To draw the Lewis structure for beryllium hydride (BeH₂), we start by determining the total number of valence electrons. Beryllium (Be) has 2 valence electrons, and each hydrogen (H) has 1 valence electron. Since there are two hydrogens, we have:
Total valence electrons = 2 (from Be) + 1×2 (from H) = 4 valence electrons.
Next, we place the beryllium atom in the center since it is less electronegative than hydrogen. We can then surround it with the two hydrogen atoms:
Be
/
\
H H
Now, we form bonds between the beryllium and the hydrogen atoms. Each H atom shares its one valence electron with Be, forming two single covalent bonds:
H:Be:H
Thus, the Lewis structure for BeH₂ looks like this:
H — Be — H
Now, let’s evaluate whether beryllium satisfies the octet rule. The octet rule states that atoms tend to form bonds in such a way that they each have eight electrons in their valence shell, resembling the electron configuration of noble gases. However, beryllium is an exception to this rule.
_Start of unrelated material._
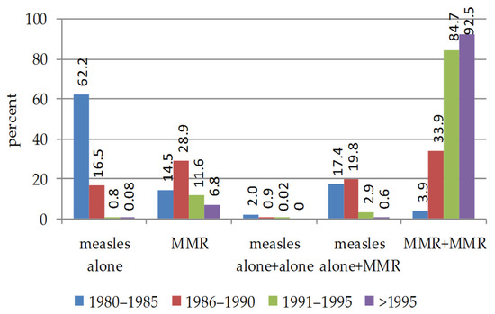 The vaccination schedule (Figure 2) is very different depending on the year of birth. One dose of vaccine was prevalently adopted before 1990, with a prevalence of measles alone before 1985. Children born after 1995 were covered by two doses of MMR vaccine.

In the case of BeH₂, beryllium actually has only 4 electrons around it (two from each bond with hydrogen). This means that beryllium does not complete an octet. Instead, it is stable with just four electrons.
Conclusion: The Lewis structure of BeH₂ shows that beryllium does not satisfy the octet rule as it only has four electrons in its valence shell. Beryllium is somewhat unique in its bonding behavior, as it prefers to form two bonds and does not require eight electrons to be stable.